(Task item):
Output only the lines below that start at the line containing "Leisure V Neck" and end at the line containing "ここの名物は、「粉雪チーズち", with both ends kept.

(Extracted data):

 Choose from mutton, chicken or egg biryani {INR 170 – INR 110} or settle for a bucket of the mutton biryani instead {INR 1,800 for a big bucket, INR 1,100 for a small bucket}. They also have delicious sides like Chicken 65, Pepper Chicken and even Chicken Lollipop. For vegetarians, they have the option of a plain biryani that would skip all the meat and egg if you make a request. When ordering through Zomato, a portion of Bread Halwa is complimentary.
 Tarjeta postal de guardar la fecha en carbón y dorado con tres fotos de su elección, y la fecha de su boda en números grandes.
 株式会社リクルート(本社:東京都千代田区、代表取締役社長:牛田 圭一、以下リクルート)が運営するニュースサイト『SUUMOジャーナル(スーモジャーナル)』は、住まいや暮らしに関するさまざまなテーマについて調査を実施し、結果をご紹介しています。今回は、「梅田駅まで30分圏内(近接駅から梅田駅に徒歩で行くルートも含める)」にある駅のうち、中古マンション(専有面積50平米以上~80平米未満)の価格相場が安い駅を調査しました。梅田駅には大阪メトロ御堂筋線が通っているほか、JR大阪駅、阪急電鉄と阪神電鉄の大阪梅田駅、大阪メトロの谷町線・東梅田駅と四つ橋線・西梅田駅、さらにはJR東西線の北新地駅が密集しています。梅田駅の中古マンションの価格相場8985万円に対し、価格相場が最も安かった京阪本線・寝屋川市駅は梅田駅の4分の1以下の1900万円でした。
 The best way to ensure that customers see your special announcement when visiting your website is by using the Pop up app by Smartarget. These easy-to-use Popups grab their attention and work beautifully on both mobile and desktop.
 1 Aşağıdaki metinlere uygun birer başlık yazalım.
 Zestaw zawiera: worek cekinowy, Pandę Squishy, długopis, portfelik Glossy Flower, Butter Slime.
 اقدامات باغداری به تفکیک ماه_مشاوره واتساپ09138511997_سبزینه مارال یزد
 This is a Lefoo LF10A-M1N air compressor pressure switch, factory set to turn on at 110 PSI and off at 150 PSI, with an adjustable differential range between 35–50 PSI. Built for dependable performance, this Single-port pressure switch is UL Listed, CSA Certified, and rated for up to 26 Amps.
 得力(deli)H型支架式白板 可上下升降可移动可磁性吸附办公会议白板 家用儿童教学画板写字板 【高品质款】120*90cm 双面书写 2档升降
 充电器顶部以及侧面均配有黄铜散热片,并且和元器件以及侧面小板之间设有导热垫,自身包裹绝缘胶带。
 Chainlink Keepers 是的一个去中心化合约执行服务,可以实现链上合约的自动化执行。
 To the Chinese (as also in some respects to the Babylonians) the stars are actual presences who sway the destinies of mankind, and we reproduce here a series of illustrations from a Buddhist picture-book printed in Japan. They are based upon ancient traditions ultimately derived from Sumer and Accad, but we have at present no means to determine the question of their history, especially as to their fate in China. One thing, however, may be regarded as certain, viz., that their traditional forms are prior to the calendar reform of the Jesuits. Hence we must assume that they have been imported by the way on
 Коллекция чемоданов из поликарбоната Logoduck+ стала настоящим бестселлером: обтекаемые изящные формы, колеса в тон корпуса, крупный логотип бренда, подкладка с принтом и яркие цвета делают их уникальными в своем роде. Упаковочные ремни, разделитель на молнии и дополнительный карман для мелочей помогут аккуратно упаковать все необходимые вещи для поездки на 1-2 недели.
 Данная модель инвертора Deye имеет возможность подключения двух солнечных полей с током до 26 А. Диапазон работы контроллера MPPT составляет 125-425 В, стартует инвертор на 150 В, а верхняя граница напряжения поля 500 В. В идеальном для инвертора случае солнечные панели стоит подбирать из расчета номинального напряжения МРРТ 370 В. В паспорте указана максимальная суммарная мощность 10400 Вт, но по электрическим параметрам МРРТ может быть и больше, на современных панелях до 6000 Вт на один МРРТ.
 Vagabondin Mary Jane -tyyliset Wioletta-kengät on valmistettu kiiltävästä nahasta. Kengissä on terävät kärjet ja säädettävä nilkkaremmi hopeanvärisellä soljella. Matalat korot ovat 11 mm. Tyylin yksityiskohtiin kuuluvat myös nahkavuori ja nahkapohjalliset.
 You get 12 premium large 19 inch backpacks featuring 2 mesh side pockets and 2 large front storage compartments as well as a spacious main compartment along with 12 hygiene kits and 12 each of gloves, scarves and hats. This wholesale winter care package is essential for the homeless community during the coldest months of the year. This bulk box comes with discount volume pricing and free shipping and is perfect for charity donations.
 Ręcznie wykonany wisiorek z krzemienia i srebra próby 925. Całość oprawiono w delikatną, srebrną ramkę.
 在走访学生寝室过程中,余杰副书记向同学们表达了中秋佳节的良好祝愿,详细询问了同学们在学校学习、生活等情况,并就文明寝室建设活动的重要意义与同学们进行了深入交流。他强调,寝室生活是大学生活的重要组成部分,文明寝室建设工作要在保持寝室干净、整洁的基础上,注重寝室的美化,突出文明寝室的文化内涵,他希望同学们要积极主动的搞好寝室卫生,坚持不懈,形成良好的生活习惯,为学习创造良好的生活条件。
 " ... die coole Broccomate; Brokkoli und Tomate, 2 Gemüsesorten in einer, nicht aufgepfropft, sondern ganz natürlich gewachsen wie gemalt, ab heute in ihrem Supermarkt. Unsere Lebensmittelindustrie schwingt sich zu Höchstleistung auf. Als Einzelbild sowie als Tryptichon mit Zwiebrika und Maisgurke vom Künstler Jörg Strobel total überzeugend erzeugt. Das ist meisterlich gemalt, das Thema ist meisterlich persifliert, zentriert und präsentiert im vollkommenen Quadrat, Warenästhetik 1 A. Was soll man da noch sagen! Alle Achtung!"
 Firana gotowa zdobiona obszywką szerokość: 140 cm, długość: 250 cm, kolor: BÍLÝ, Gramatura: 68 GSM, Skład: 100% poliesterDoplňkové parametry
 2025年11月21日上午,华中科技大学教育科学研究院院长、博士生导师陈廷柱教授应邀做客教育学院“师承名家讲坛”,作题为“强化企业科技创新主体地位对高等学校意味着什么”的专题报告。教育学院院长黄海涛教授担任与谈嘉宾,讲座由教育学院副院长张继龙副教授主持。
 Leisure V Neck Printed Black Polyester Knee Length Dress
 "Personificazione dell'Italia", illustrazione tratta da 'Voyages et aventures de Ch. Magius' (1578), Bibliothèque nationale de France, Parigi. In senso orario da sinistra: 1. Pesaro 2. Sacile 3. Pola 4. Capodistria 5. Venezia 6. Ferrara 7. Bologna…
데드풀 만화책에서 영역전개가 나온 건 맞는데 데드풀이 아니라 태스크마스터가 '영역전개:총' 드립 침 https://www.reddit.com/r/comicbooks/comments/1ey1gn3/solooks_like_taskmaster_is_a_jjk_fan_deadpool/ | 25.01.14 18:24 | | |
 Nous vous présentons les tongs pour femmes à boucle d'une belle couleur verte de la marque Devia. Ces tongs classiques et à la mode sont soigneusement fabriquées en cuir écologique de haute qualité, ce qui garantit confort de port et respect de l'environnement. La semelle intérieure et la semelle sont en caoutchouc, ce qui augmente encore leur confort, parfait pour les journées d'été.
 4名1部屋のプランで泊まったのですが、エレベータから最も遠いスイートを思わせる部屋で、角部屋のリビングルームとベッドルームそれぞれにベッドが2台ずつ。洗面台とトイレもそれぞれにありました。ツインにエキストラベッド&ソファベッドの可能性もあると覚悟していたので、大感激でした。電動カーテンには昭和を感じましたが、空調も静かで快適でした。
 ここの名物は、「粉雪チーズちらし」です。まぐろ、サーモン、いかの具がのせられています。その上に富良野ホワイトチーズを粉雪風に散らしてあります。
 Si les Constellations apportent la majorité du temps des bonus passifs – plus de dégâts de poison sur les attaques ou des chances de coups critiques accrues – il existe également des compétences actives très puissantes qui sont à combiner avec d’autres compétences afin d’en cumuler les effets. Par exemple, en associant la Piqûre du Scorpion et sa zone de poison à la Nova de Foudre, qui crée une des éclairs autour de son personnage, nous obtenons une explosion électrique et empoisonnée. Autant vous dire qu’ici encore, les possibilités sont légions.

(Answer space):
 Leisure V Neck Printed Black Polyester Knee Length Dress
 "Personificazione dell'Italia", illustrazione tratta da 'Voyages et aventures de Ch. Magius' (1578), Bibliothèque nationale de France, Parigi. In senso orario da sinistra: 1. Pesaro 2. Sacile 3. Pola 4. Capodistria 5. Venezia 6. Ferrara 7. Bologna…
데드풀 만화책에서 영역전개가 나온 건 맞는데 데드풀이 아니라 태스크마스터가 '영역전개:총' 드립 침 https://www.reddit.com/r/comicbooks/comments/1ey1gn3/solooks_like_taskmaster_is_a_jjk_fan_deadpool/ | 25.01.14 18:24 | | |
 Nous vous présentons les tongs pour femmes à boucle d'une belle couleur verte de la marque Devia. Ces tongs classiques et à la mode sont soigneusement fabriquées en cuir écologique de haute qualité, ce qui garantit confort de port et respect de l'environnement. La semelle intérieure et la semelle sont en caoutchouc, ce qui augmente encore leur confort, parfait pour les journées d'été.
 4名1部屋のプランで泊まったのですが、エレベータから最も遠いスイートを思わせる部屋で、角部屋のリビングルームとベッドルームそれぞれにベッドが2台ずつ。洗面台とトイレもそれぞれにありました。ツインにエキストラベッド&ソファベッドの可能性もあると覚悟していたので、大感激でした。電動カーテンには昭和を感じましたが、空調も静かで快適でした。
 ここの名物は、「粉雪チーズちらし」です。まぐろ、サーモン、いかの具がのせられています。その上に富良野ホワイトチーズを粉雪風に散らしてあります。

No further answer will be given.